Automated Computational Energy Minimization of ML Algorithms using Constrained Bayesian Optimization
Pallavi Mitra, Felix Biessmann
TL;DR
The paper addresses the rising energy costs of training large hyperparameter configurations by proposing energy-aware hyperparameter optimization. It introduces constrained Bayesian optimization that minimizes $tau(x)$ subject to a performance constraint on $c(x)$ (classification) or $cr(x)$ (regression), using log-scale surrogates modeled by Gaussian Processes with a Matern 5/2 kernel. The approach employs a joint acquisition combining Expected Improvement (EI) for the objective and Probability of Feasibility (PoF) for the constraint, and it compares against unconstrained BO with a quadratic penalty. Across regression and classification tasks, CBO reduces wallclock runtime while maintaining the required performance threshold, demonstrating practical utility for energy-efficient training and suggesting avenues for modeling energy-performance interactions in future work.
Abstract
Bayesian optimization (BO) is an efficient framework for optimization of black-box objectives when function evaluations are costly and gradient information is not easily accessible. BO has been successfully applied to automate the task of hyperparameter optimization (HPO) in machine learning (ML) models with the primary objective of optimizing predictive performance on held-out data.
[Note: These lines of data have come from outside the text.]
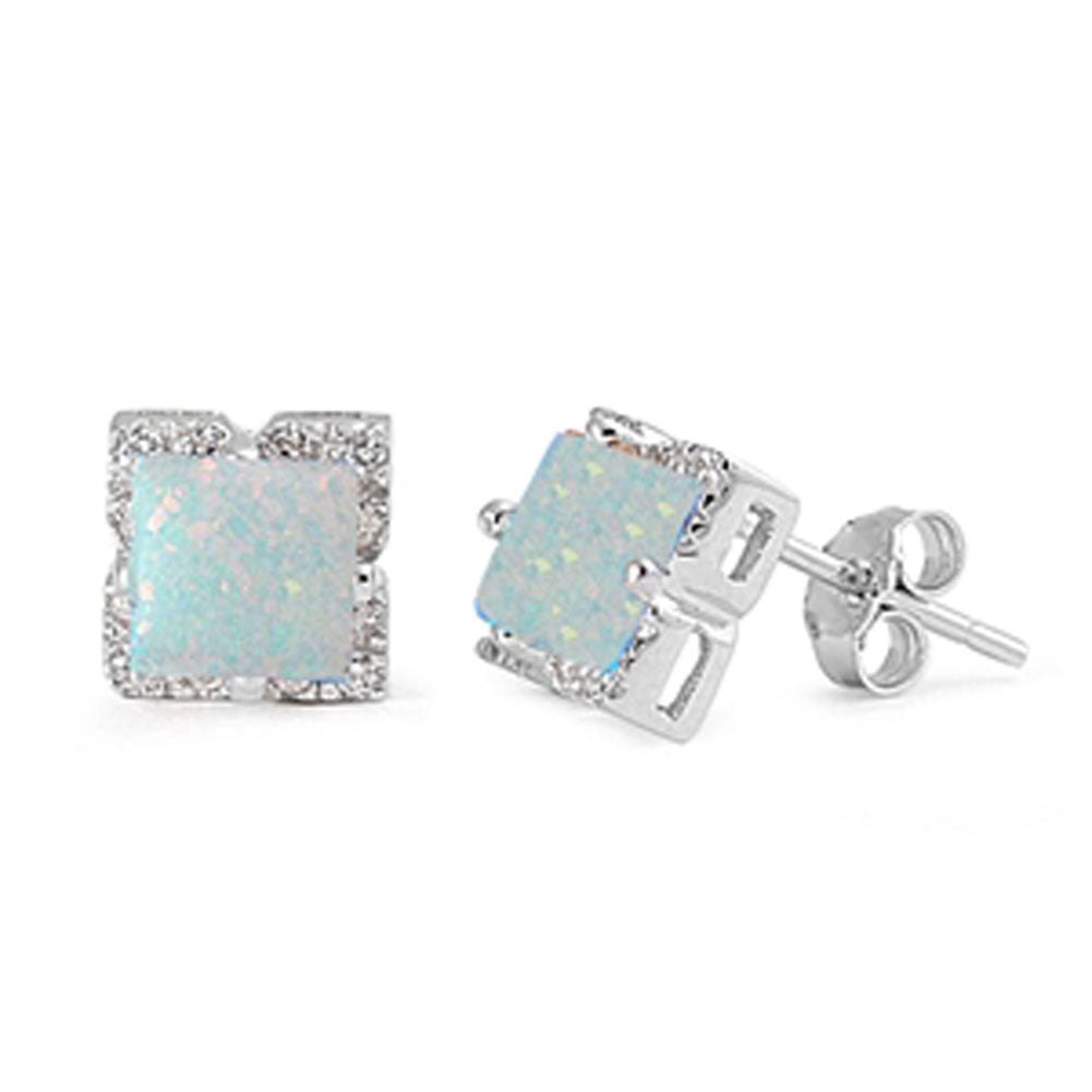 Halo Square Earrings White Simulated Opal Clear Simulated CZ .925 Sterling Silver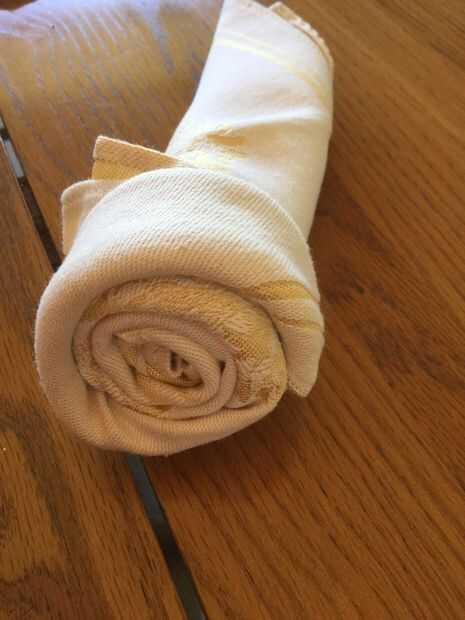 Inicio en el extremo del triángulo y enróllelo en el otro extremo. Debe buscar una roseta en un extremo de la servilleta. Remeter el extremo en otra sección del rollo.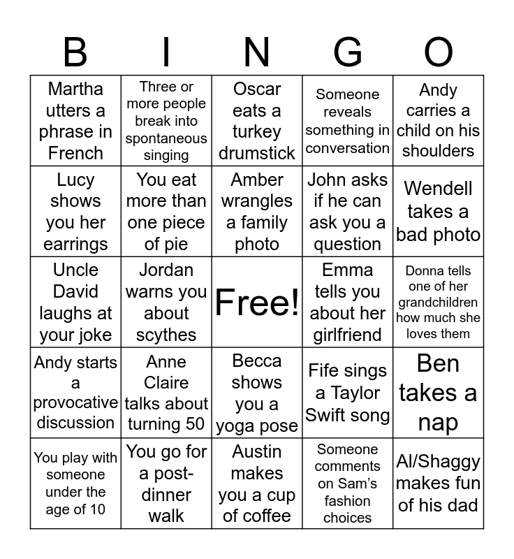 This bingo card has a free space and 27 words: Fife sings a Taylor Swift song, You hear a family story you’ve never heard before, John asks if he can ask you a question, Austin makes you a cup of coffee, Lucy shows you her earrings, Oscar eats a turkey drumstick, Three or more people break into spontaneous singing, Andy starts a provocative discussion, Emma tells you about her girlfriend, Ben takes a nap, Uncle David laughs at your joke, Someone reveals something in conversation, You play with someone under the age of 10, You go for a post-dinner walk, Wendell takes a bad photo, You go for thirds of something, You eat more than one piece of pie, Amber wrangles a family photo, Anne Claire talks about turning 50, Martha utters a phrase in French, Donna tells one of her grandchildren how much she loves them, Someone comments on Sam’s fashion choices, Jordan warns you about scythes, Al/Shaggy makes fun of his dad, Becca shows you a yoga pose, Andy carries a child on his shoulders and Uncle Paul wisecracks.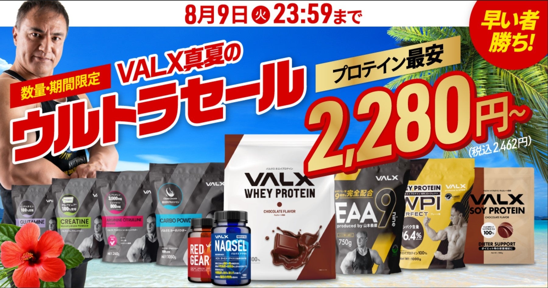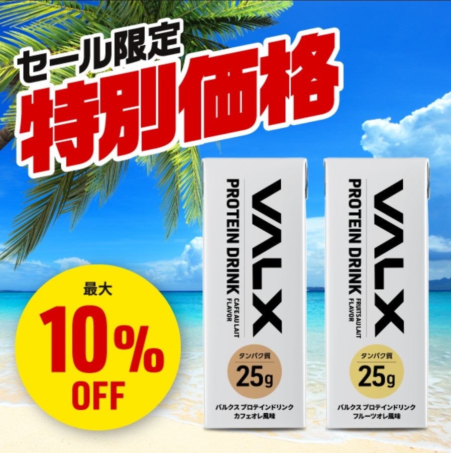 フィットネスブランド「VALX(バルクス)」を展開する株式会社レバレッジ(本社:東京都渋谷区 代表取締役:只石昌幸、以下レバレッジ)は、山本義徳氏プロデュースの「VALX」において2022年7月20日(水)から8月9日(火)まで、真夏のウルトラセールを開催いたします。人気ナンバー1のVALXホエイプロテインをはじめ、最大1万円以上お得になる限定セットなど目玉商品を多数ご用意しておりますので、この機会にぜひご利用ください。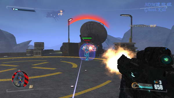 接下来又杀到了敌人的另一个基地,干掉杂兵后到目标的停机坪等待友军飞机,防守的时候要注意,敌人从四面八方都有,不要只顾一遍,他们很积极,都会冲着飞到停机坪上来,多看地图,哪里敌人离得近先打哪。
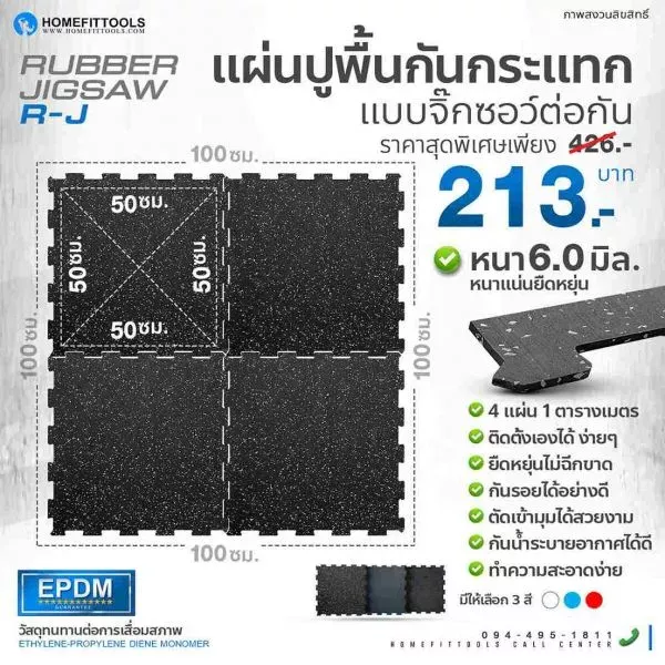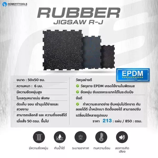 แผ่นยางปูพื้นฟิตเนส Rubber Jigsaw R-J ของ Homefittools ผลิตจากยางคุณภาพสูง รองรับแรงกระแทก ลดเสียงรบกวน และป้องกันพื้นเสียหาย เหมาะสำหรับ ฟิตเนส ยิม และ Home Gym ช่วยให้การออกกำลังกายปลอดภัยขึ้น ติดตั้งง่าย ยืดหยุ่นสูง รองรับการใช้งานหนัก ปูได้ทั้งในร่มและกลางแจ้ง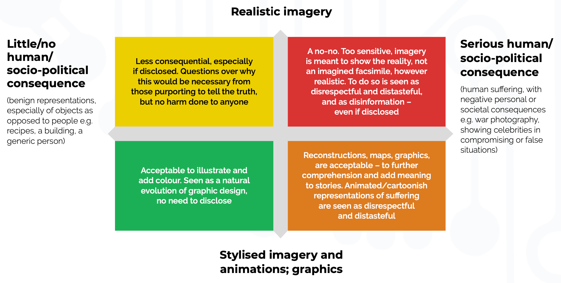 Vooral dat laatste is interessant: transparantie zorgt er niet voor dat het publiek het gebruik van generatieve AI voor foto's of video plots accepteert. Hoe duidelijk je ook maakt dat de media gegenereerd is, de houding blijft over het algemeen negatief. Uiteindelijk gaat het over hoe realistisch en 'serieus' het beeld is. De onderzoekers hebben hier een een matrix van gemaakt: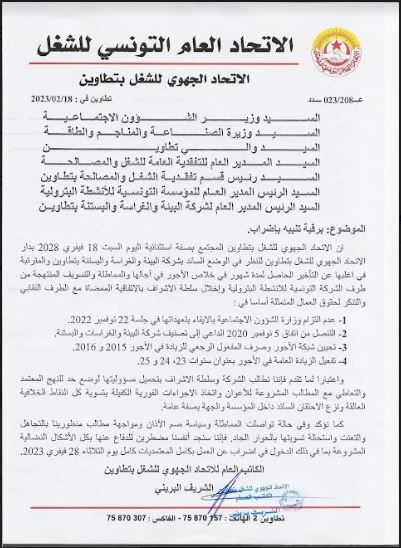 دعا الاتحاد الجهوي للشغل بتطاوين منظوريه بشركة البيئة إلى تنفيذ إضراب حضوري عن العمل يوم الثلاثاء 28 فيفري 2023.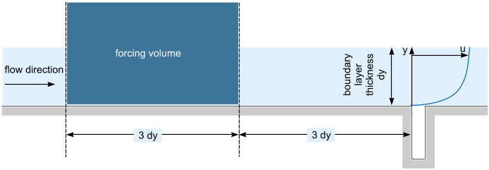 Example: To model the boundary layer flow over a cavity, you place the forcing volume about three local boundary layer thicknesses upstream of the cavity and size the forcing volume about three local boundary layer thicknesses long.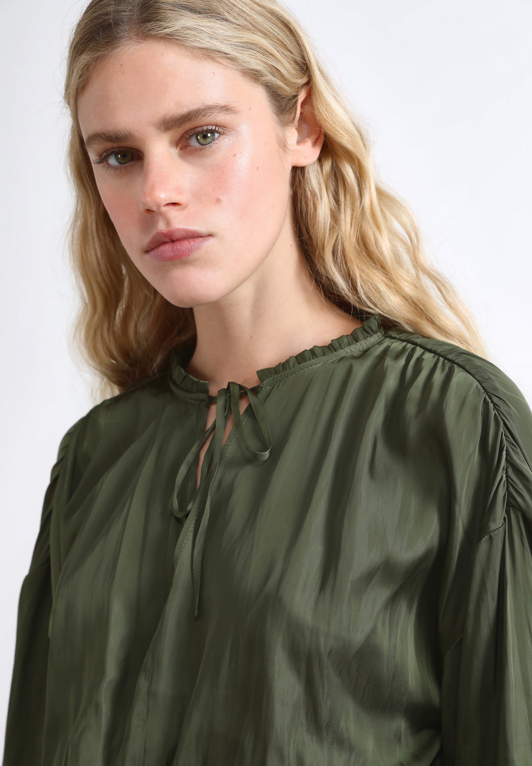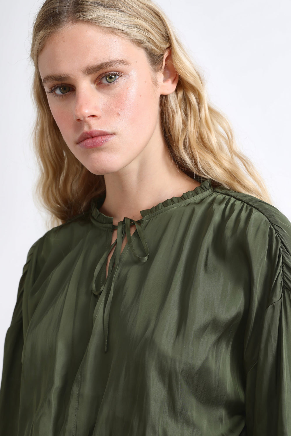 - Decote redondo com fechos de laço

In recent years, however, with ever-growing model sizes, the energy cost associated with model training has become an important factor for ML applications. Here we evaluate Constrained Bayesian Optimization (CBO) with the primary objective of minimizing energy consumption and subject to the constraint that the generalization performance is above some threshold. We evaluate our approach on regression and classification tasks and demonstrate that CBO achieves lower energy consumption without compromising the predictive performance of ML models.